For the most part he uses his own photographs as a starting point, but he also uses material from other sources. With the help of the copier or an image processing program he inverts these photographs and transfers the resulting negative images onto the drawing – black becomes white, white becomes black. At times, he precisely executes the background, while at other times the motif is left free; it is occasionally mounted on the empty pictorial background so that it seems to float in space. The presentation of his works in black light adds an additional layer to the pencil drawings and unifies the different contents into a single flood of images.

Marc Brandenburg devotes himself to themes and protagonists he encounters in his own surroundings: among others, banal objects such as plastic toys, idols from pop culture and costumed people who seem to mutate into fantasy creatures, but also the sleeping places of homeless people. A sense of ambiguity always resonates: Cheerful subjects can seem abysmal, while oppressive living environments radiate a peculiar beauty.

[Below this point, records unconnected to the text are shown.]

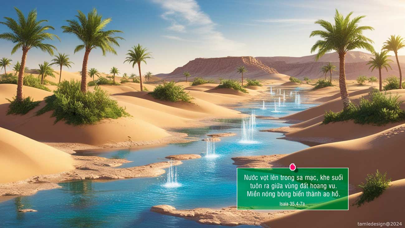 Hãy nói với những kẻ nhát gan: “Can đảm lên, đừng sợ! Thiên Chúa của anh em đây rồi; sắp tới ngày báo phục, ngày Thiên Chúa thưởng công, phạt tội. Chính Người sẽ đến cứu anh em.” Bấy giờ mắt người mù mở ra, tai người điếc nghe được. Bấy giờ kẻ què sẽ nhảy nhót như nai, miệng lưỡi người câm sẽ reo hò. Vì có nước vọt lên trong sa mạc, khe suối tuôn ra giữa vùng đất hoang vu. Miền nóng bỏng biến thành ao hồ, đất khô cằn có mạch nước trào ra. Đó là lời Chúa.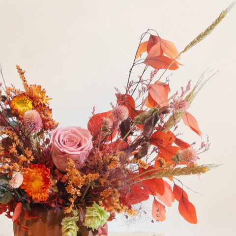 Fleurs focales : Roses, Dahlias, Rudbeckia, Alstroemeria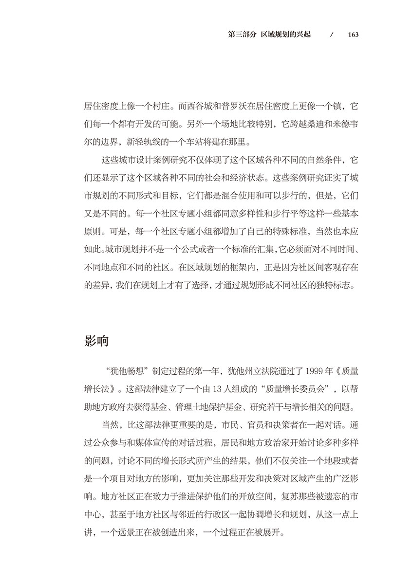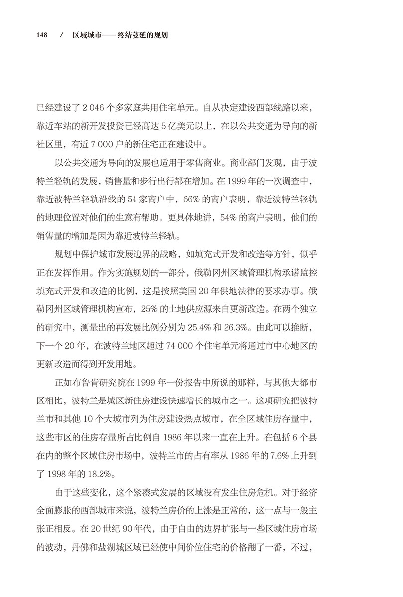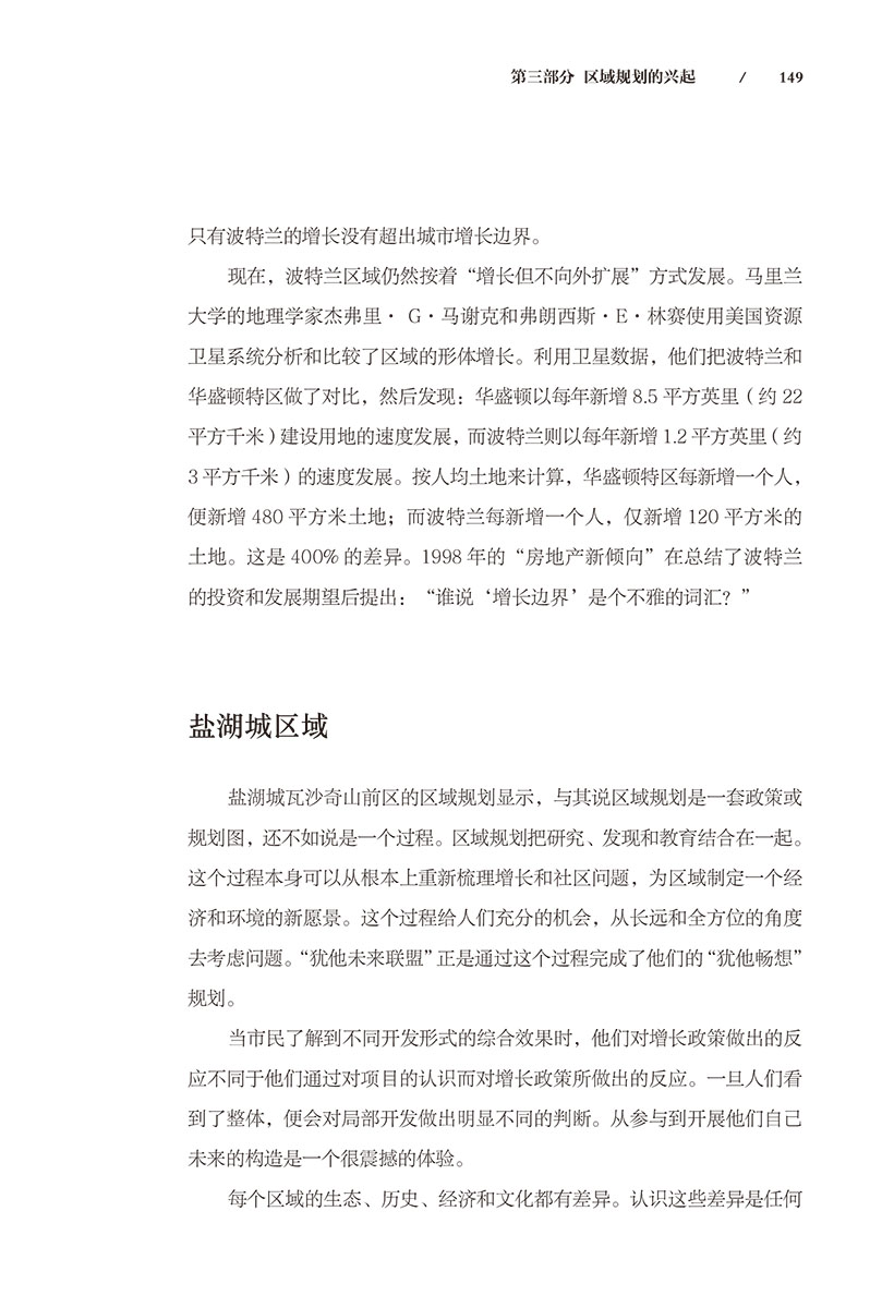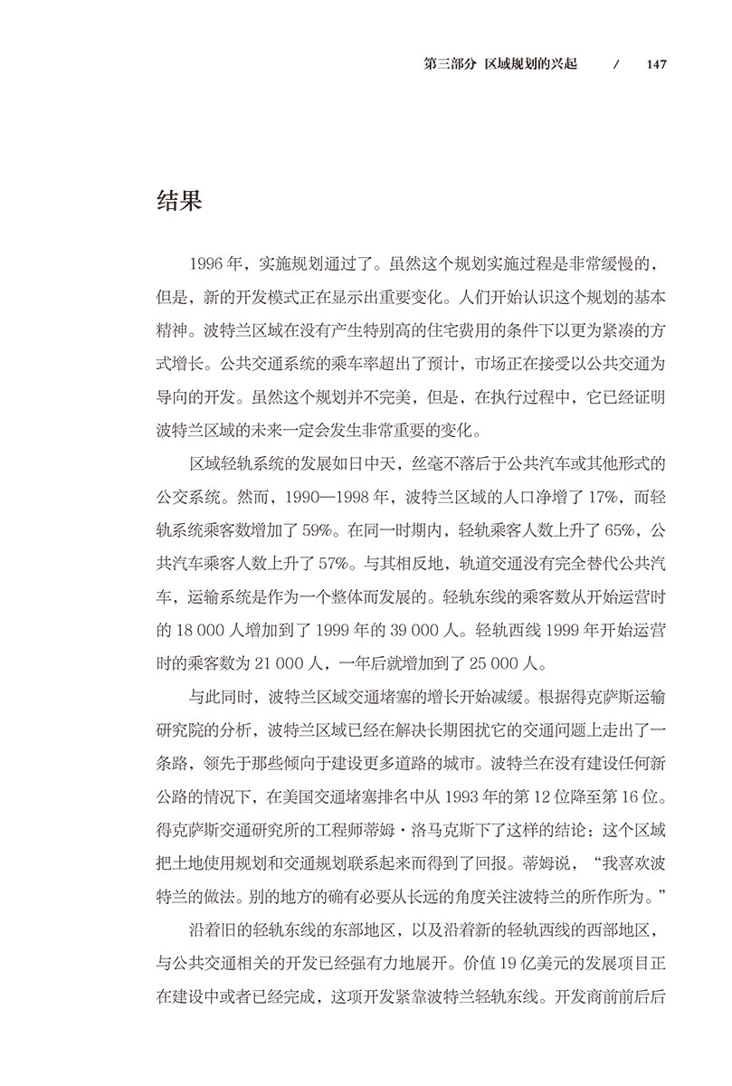 第三部分“區(qū)域規(guī)劃的興起”,記述了整個美國究竟有多少大都市正在通過形體設計、社會和經(jīng)濟政策向區(qū)域城市轉(zhuǎn)變。我們集中研究了三個走在最前列的區(qū)域城市:波特蘭、西雅圖和鹽湖城。我們也考慮到了在特大都市區(qū)域執(zhí)行區(qū)域尺度上的政策的困難,特別注意到美國州政府所扮演的潛在的角色,如佛羅里達、馬里蘭和明尼蘇達。

Marc Brandenburg does not judge, but rather merely records what he sees.

His video installation Camouflage Pullover from 1992/2018 also deals bluntly with the realities of life. Marc Brandenburg observes from the perspective of a German, gay person of colour at a world marked by racism and prejudice: By concealing performers with simple jumpers with knitted-on, racist-stereotypical faces and hands, he relentlessly exposes these grievances. Who is really behind the mask remains hidden from passers-by – an only ostensibly playful questioning of identities that many people are not able to do in real life.